The cure tested for generations
on West African shores
remains only a threat today
on some Caribbean Isles.

Elders used to string tin cans
on twines and ropes and tie them
round tiny waists and ankles.

The tins clang-clanged
as children goaded with “goan, goan”
were paraded through village streets.

Heads hung, salty tears
streaked small black faces
in the morning’s island breeze.

Villagers watched.
There was no need for cardboard signs.
The clanging said it all:
BEDWETTERS.

© Althea Romeo-Mark       29. 11. 2010


Poem „Haunting Lesson“ was selected for Persimmon Tree Fall Issue 2012 (http://www.persimmontree.org/)
International Poets
Selected by
Fleda Brown, Guest Editor



      The poems in this International Issue of Persimmon Tree are certainly aware of aging — but always from a perspective of intense interest, of a sense of renewal and re-invention. The issue begins with two simple and subtle poems by Eva Eliav that, appropriately, “fall awake” into age. Chellis Glendinning explores the slippage of language in translation and in life in which it is possible for a poem to appear.
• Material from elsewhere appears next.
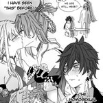 Love is in the air and cloud retainer ain’t having any of it 😨 . . . #Tartali #Chili #Zhongli #Childe #Tartaglia #guiping #guizhong #madameping #cloudretainer #genshinimpact #genshinimpactfanart #原神 #原神イラスト #タル鍾 #公钟
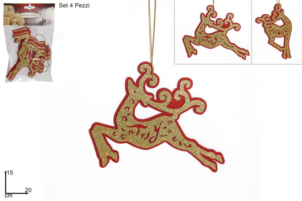 Non smettere di decorare e addobbare il tuo albero di Natale e qualsiasi altro spazio possibile! Leggeri ma meravigliosi i nostri appendini in feltro a forma di renna colore oro e rosso. In una confezione trovi due appendini diversi, ma sempre dello stesso colore e dello stesso soggetto.

Margo Berdeshevsky’s poem considers the cost of being human, of struggling with memories of difficult mothers. Jo Milgrom’s poem is up there, on a high wire, testing the idea of immortality. Katharine O’Flynn touchingly connects past and present with orange lilies, while Lalita Noronha playfully compares our lifetime to that of insects. Lois Elaine Heckman’s sonnet uses cutting hair as metaphor for cutting away the past. For Venie Holmgren, it is the wind that is full of the past and for Althea Romeo-Mark, what passes from generation to generation is not necessarily a good thing. Barbara A Taylor sees the rest of her life in the rich movements of everyday activities, all of it a steady letting go of the past. Mori Glaser closes the door against a past she doesn’t want any more, one that feels now like a dream. And in Malinda Crispin’s poem, which is the dream and which is real? They’re tangled in a wonderfully shimmering way.

     Led by these rich and varied approaches to growing old — to holding onto and letting go of the past — I have concluded this issue attempting to do the same, by means of the poor baffled squirrels in my poem.